• **What is needed**: What you return must be the exact lines of the material below, from the first through the one that has "Haben die Häuslebauer", with no pictures and, please, nothing else.

• **Data shown**:
Segment Open

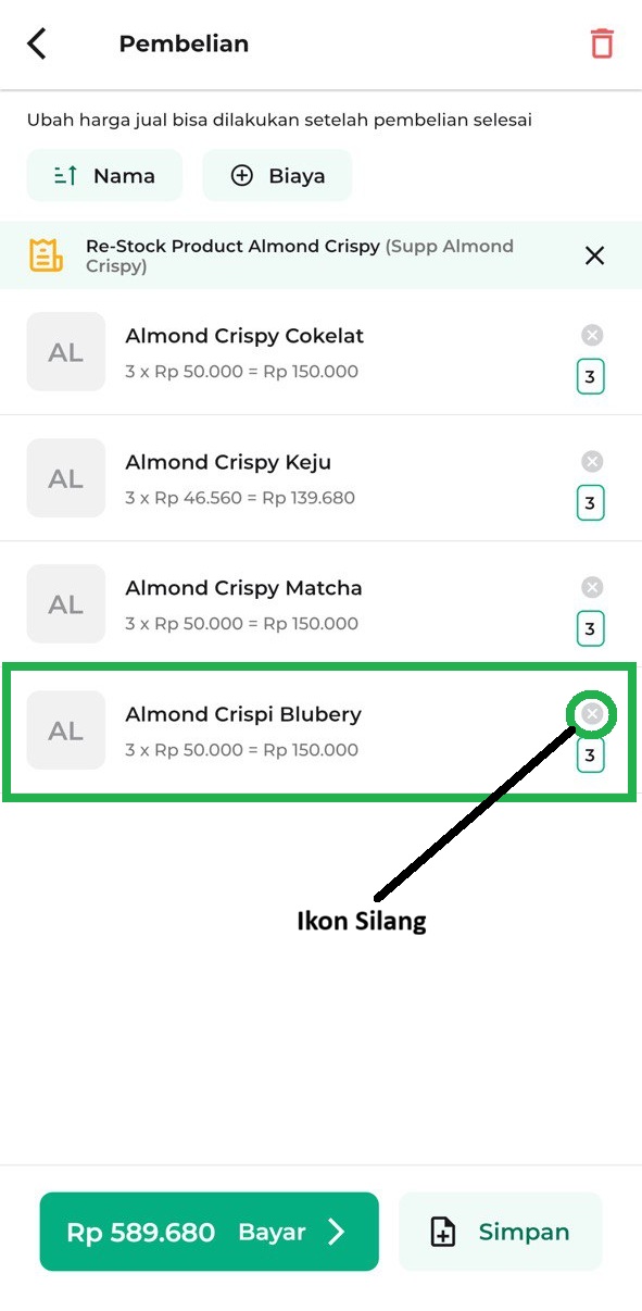 - Pilih barang yang akan dihapus, lalu klik ikon silang.
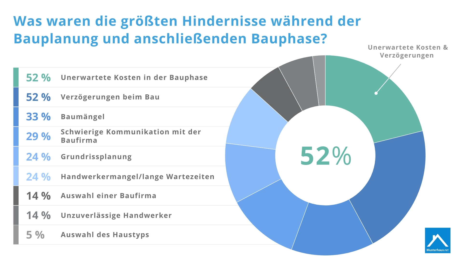 Haben die Häuslebauer die undankbare Zeit der ersten Planungen überwunden, stehen auch schon die Herausforderungen der Bauphase an. Hier sind es zuallererst die unerwarteten Kosten und die Verzögerungen beim Bau, die jeden Zweiten an die eigenen Grenzen bringt. Und während ein Drittel das Thema Baumängel belastet, sind es für 29 Prozent Kommunikationsprobleme mit der Baufirma. Ein Viertel der Umfrageteilnehmer aus der Gruppe der frischgebackenen Hausherren erinnert sich zudem an Schwierigkeiten, die sich aus dem Handwerkermangel ergeben haben.
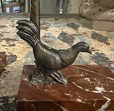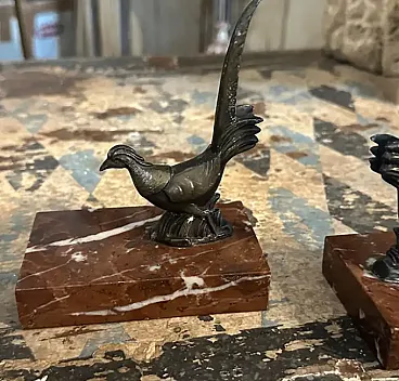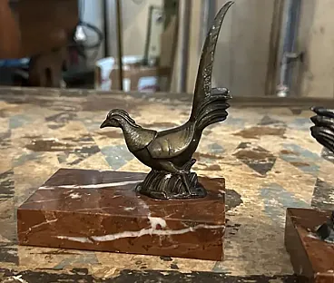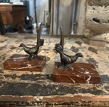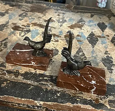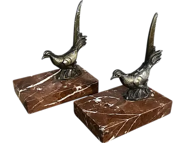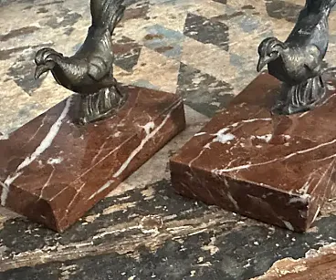 Si tratta di una coppia di fermalibri francesi Art Déco degli anni '30. Ogni fermalibri presenta un uccello scultoreo realizzato in metallo, che emana un'estetica elegante e snella tipica del periodo Art Déco. Gli uccelli sono montati su sostanziose basi di marmo, con una tonalità rosso-marrone e venature bianche che aggiungono un tocco di lusso e raffinatezza. La combinazione tra il marmo liscio e riflettente e i dettagliati uccelli metallici cattura l'essenza dell'artigianato Artistics francese, fondendo la semplicità geometrica con raffinati dettagli artistici. Perfetti per un uso sia decorativo che funzionale, questi fermalibri riflettono lo stile senza tempo dell'inizio del XX secolo. Sono in condizioni originali con piccoli segni d'uso e d'età visibili nelle foto.
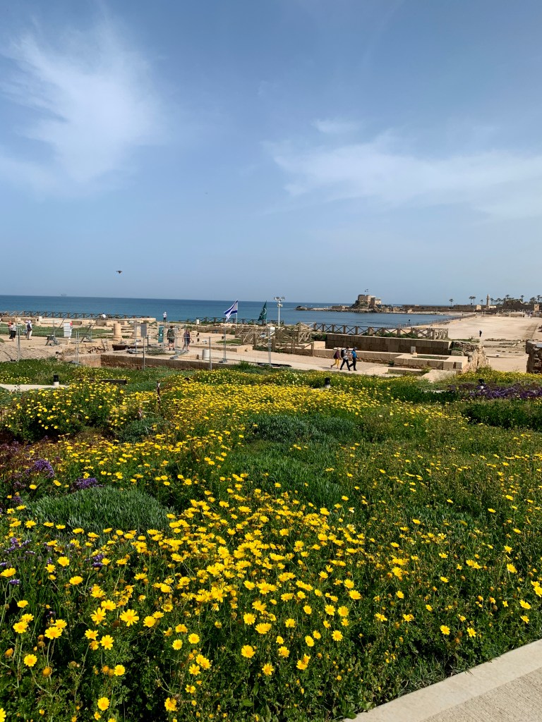 From the Roman Theatre we made our way through the ruins of the Hippodrome and Herod’s Palace, and then we drove to Herod’s Aqueduct, where we got to walk down and put our hands and feet in the Mediterranean Sea. The water was cool and refreshing, and the beach was covered in beautiful rocks and shells.

Segment Closed

• **Completed exercise**:
 - Pilih barang yang akan dihapus, lalu klik ikon silang.
 Haben die Häuslebauer die undankbare Zeit der ersten Planungen überwunden, stehen auch schon die Herausforderungen der Bauphase an. Hier sind es zuallererst die unerwarteten Kosten und die Verzögerungen beim Bau, die jeden Zweiten an die eigenen Grenzen bringt. Und während ein Drittel das Thema Baumängel belastet, sind es für 29 Prozent Kommunikationsprobleme mit der Baufirma. Ein Viertel der Umfrageteilnehmer aus der Gruppe der frischgebackenen Hausherren erinnert sich zudem an Schwierigkeiten, die sich aus dem Handwerkermangel ergeben haben.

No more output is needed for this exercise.